Lessons in history on governance

  • IKIM Views
  • Tuesday, 03 Apr 2018

IN this millenarian commemoration of Nizam al-Mulk, who was born in 1018, it is apt to quote his work Siyasat-nameh.

It states that a leader “shall bring to pass that which concerns the advance of civilisation (umran), such as constructing underground channels, digging main canals, building bridges across great waters, rehabilitating villages and farms, raising fortifications, building new towns, and erecting lofty buildings and magnificent dwellings; he shall have inns built on the highways, and educational institutions for those who seek knowledge; for which infrastructure the leader will be renowned forever; he will gather the fruit of his good works in the hereafter, and blessings will be showered upon him.”

A priority of undertaking extensive public works is one of the salient features of this classic oeuvre on leadership ethics, alternatively titled Siyar al-Muluk.

This book has been translated into French, Russian, Turkish, German, English and Arabic, and people around the world refer to it. The publisher’s summary of Hubert Darke’s English translation, The Book of Government, says “many of Nizam al-Mulk’s findings are as pertinent to government (and people) today as they were 900 years ago”.

The original Persian work was written in 1091 (39 chapters) and 1092 (11 chapters) and was meant to be a ruler’s primer. It was produced at the request of Sultan Malik-shah, who for 20 years governed an empire stretching from India to Egypt.

The astute writer was Abu Ali al-Hasan bin Ali, who is better known by his title of honour, Nizam al-Mulk. He was assassinated in 1092, when he was 74 years old.

The book mirrors his vast experience in civil, fiscal and military services.

Nizam al-Mulk was prime minister and commander-in-chief of the Saljuq Empire for over 30 years.

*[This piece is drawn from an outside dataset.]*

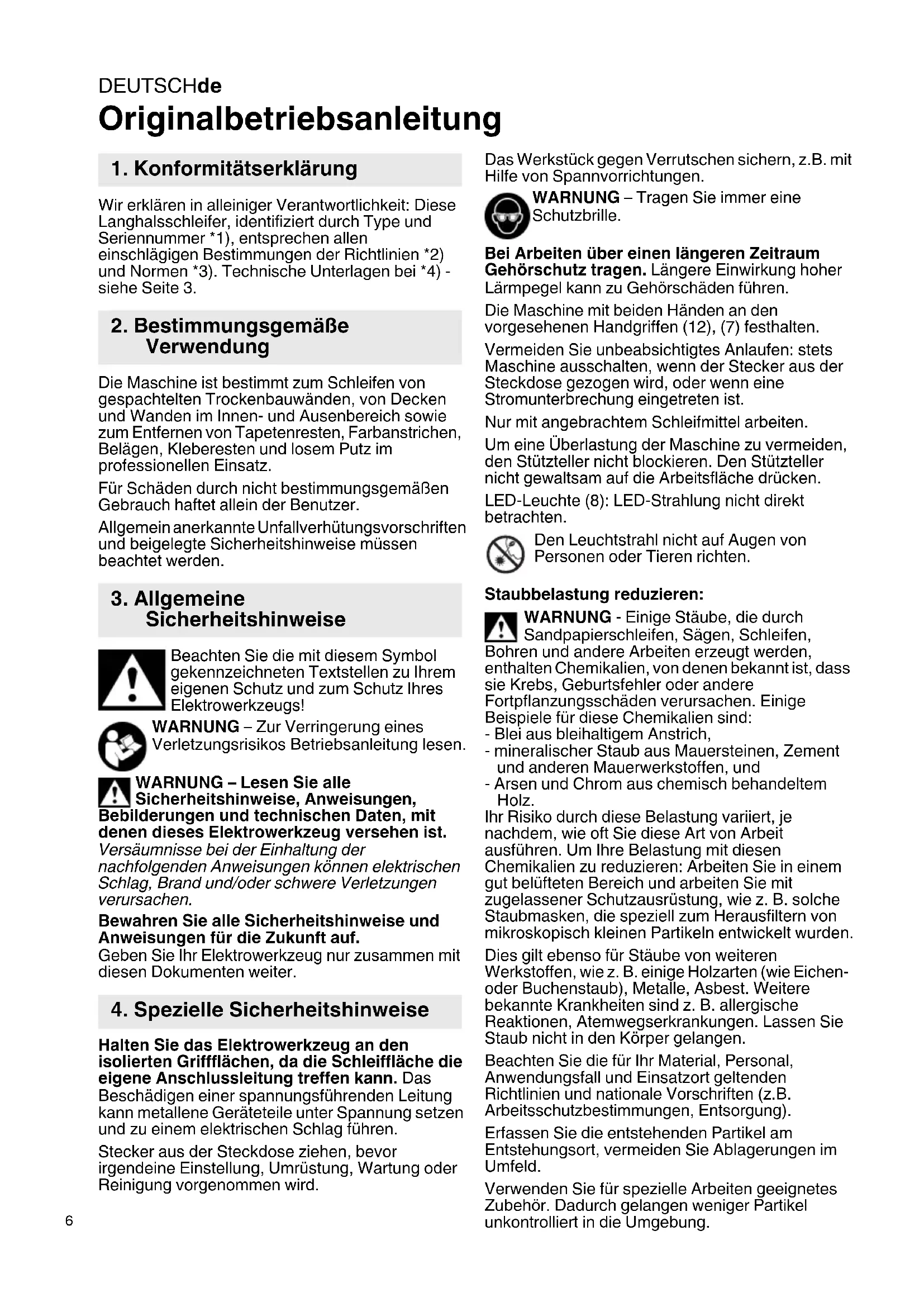 Originalbetriebsanleitung Wir erklären in alleiniger Verantwortlichkeit: Diese Langhalsschleifer, identifiziert durch Type und Seriennummer *1), entsprechen allen einschlägigen Bestimmungen der Richtlinien *2) und Normen *3). Technische Unterlagen bei *4) - siehe Seite 3. Die Maschine ist bestimmt zum Schleifen von gespachtelten Trockenbauwänden, von Decken und Wanden im Innen- und Ausenbereich sowie zum Entfernen von Tapetenresten, Farbanstrichen, Belägen, Kleberesten und losem Putz im professionellen Einsatz. Für Schäden durch nicht bestimmungsgemäßen Gebrauch haftet allein der Benutzer. Allgemein anerkannte Unfallverhütungsvorschriften und beigelegte Sicherheitshinweise müssen beachtet werden. Beachten Sie die mit diesem Symbol gekennzeichneten Textstellen zu Ihrem eigenen Schutz und zum Schutz Ihres Elektrowerkzeugs! WARNUNG – Zur Verringerung eines Verletzungsrisikos Betriebsanleitung lesen. WARNUNG – Lesen Sie alle Sicherheitshinweise, Anweisungen, Bebilderungen und technischen Daten, mit denen dieses Elektrowerkzeug versehen ist. Versäumnisse bei der Einhaltung der nachfolgenden Anweisungen können elektrischen Schlag, Brand und/oder schwere Verletzungen verursachen. Bewahren Sie alle Sicherheitshinweise und Anweisungen für die Zukunft auf. Geben Sie Ihr Elektrowerkzeug nur zusammen mit diesen Dokumenten weiter. Halten Sie das Elektrowerkzeug an den isolierten Griffflächen, da die Schleiffläche die eigene Anschlussleitung treffen kann. Das Beschädigen einer spannungsführenden Leitung kann metallene Geräteteile unter Spannung setzen und zu einem elektrischen Schlag führen. Stecker aus der Steckdose ziehen, bevor irgendeine Einstellung, Umrüstung, Wartung oder Reinigung vorgenommen wird. Das Werkstück gegen Verrutschen sichern, z.B. mit Hilfe von Spannvorrichtungen. WARNUNG – Tragen Sie immer eine Schutzbrille. Bei Arbeiten über einen längeren Zeitraum Gehörschutz tragen. Längere Einwirkung hoher Lärmpegel kann zu Gehörschäden führen. Die Maschine mit beiden Händen an den vorgesehenen Handgriffen (12), (7) festhalten. Vermeiden Sie unbeabsichtigtes Anlaufen: stets Maschine ausschalten, wenn der Stecker aus der Steckdose gezogen wird, oder wenn eine Stromunterbrechung eingetreten ist. Nur mit angebrachtem Schleifmittel arbeiten. Um eine Überlastung der Maschine zu vermeiden, den Stützteller nicht blockieren. Den Stützteller nicht gewaltsam auf die Arbeitsfläche drücken. LED-Leuchte (8): LED-Strahlung nicht direkt betrachten. Den Leuchtstrahl nicht auf Augen von Personen oder Tieren richten. Staubbelastung reduzieren: WARNUNG - Einige Stäube, die durch Sandpapierschleifen, Sägen, Schleifen, Bohren und andere Arbeiten erzeugt werden, enthalten Chemikalien, von denen bekannt ist, dass sie Krebs, Geburtsfehler oder andere Fortpflanzungsschäden verursachen. Einige Beispiele für diese Chemikalien sind: - Blei aus bleihaltigem Anstrich, - mineralischer Staub aus Mauersteinen, Zement und anderen Mauerwerkstoffen, und - Arsen und Chrom aus chemisch behandeltem Holz. Ihr Risiko durch diese Belastung variiert, je nachdem, wie oft Sie diese Art von Arbeit ausführen. Um Ihre Belastung mit diesen Chemikalien zu reduzieren: Arbeiten Sie in einem gut belüfteten Bereich und arbeiten Sie mit zugelassener Schutzausrüstung, wie z. B. solche Staubmasken, die speziell zum Herausfiltern von mikroskopisch kleinen Partikeln entwickelt wurden. Dies gilt ebenso für Stäube von weiteren Werkstoffen, wie z. B. einige Holzarten (wie Eichen- oder Buchenstaub), Metalle, Asbest. Weitere bekannte Krankheiten sind z. B. allergische Reaktionen, Atemwegserkrankungen. Lassen Sie Staub nicht in den Körper gelangen. Beachten Sie die für Ihr Material, Personal, Anwendungsfall und Einsatzort geltenden Richtlinien und nationale Vorschriften (z.B. Arbeitsschutzbestimmungen, Entsorgung). Erfassen Sie die entstehenden Partikel am Entstehungsort, vermeiden Sie Ablagerungen im Umfeld. Verwenden Sie für spezielle Arbeiten geeignetes Zubehör. Dadurch gelangen weniger Partikel unkontrolliert in die Umgebung.

Historians celebrate Nizam al-Mulk’s governance. He administered Muslim lands with a far-reaching vision of rejuvenating inclusive Sunni polity, culture and intellectualism.

He was fully conscious that it was not enough for a leader to have good morality. Besides honesty, a leader must possess competency, effectiveness and efficiency in achieving objectives. Apart from championing public works, he achieved prominence in three social aspects.

First, he founded several universities via waqf or the Islamic endowment system.

Fully equipped with scholarship grants and student financial assistance, many colleges were established in major cities of Iraq, Persia and Jazirah, the northern area between the Tigris and Euphrates rivers.

Systematic studies of philosophy, the sciences, theology and law were taught in those educational institutions, which were set up to train a body of reliable, Sunni-oriented officials who would run the empire and thus further the progress of intellectual and socio-political revival.

Their ethos and teachings were the accommodable Ash‘ari kalam (school of theology) and Shafi‘i legal school.

His most celebrated university college was the Baghdad Nizamiy­yah, founded in 1067. He was much sought after as a patron of arts and sciences, and of scholars and metaphysicians.

The appointment of university vice-­chancellors was based on their excellence and influence in the world of knowledge.

The most notable among them were Abu Ishaq al-Isfarayini (theologian, jurist and traditionist) and Abu Hamid al-Ghazzali (theologian, legal expert, philosopher, Sufi and religious renewer).

Nizam al-Mulk’s second notable deed was the general abolition of taxes – called mukus – that were unjust or unsanctioned by religion and societal well-being, starting from 1086.

This reflected a tradition that was in place 300 years before. In 717, Caliph Umar bin Abdul Aziz put an end to mukus, based on the statement of prophet Shu‘ayb in the Quran, prohibiting an encroachment of people’s cost of living: “...and do not deprive people of what is rightfully theirs, and do not act wickedly on earth by spreading corruption” (11:85;26:183;7:85-86).

The phrase “what is rightfully theirs” refers to physical possessions as well as moral and social rights.

Qadi Abu Yusuf, who was chief judge at the time of the Abbasid caliph Harun al-Rashid, offered an analysis.

Before the time of Umar bin Abdul Aziz, the country was less prosperous as people found no reason to be productive. Higher gains invited heavier and unjust taxes of all sorts.

However, said the chief judge, that changed when Umar bin Abdul Aziz introduced a fair policy on tax.

People were filled with enthusiasm for producing more as they got to keep more of their earnings.

More interestingly, the chief judge pointed out, when productivity and earnings increased, the state’s revenue swelled as well.

The third major achievement of Nizam al-Mulk came from his earnestness in making the country safe from brigandage and to reduce the people’s cost of living.

Religious faith and practices were protected, knowledge and sciences were patronised, public property was distributed justly, property rights were guaranteed, and fair tax was properly imposed.

Indeed, a truly renowned and blessed leader Nizam al-Mulk was.

  • Dr Mohd Sani Badron is principal fellow/director of the Centre for Economics and Social Studies, Institute of Islamic Understanding Malaysia (Ikim). The views expressed here are entirely the writer’s own.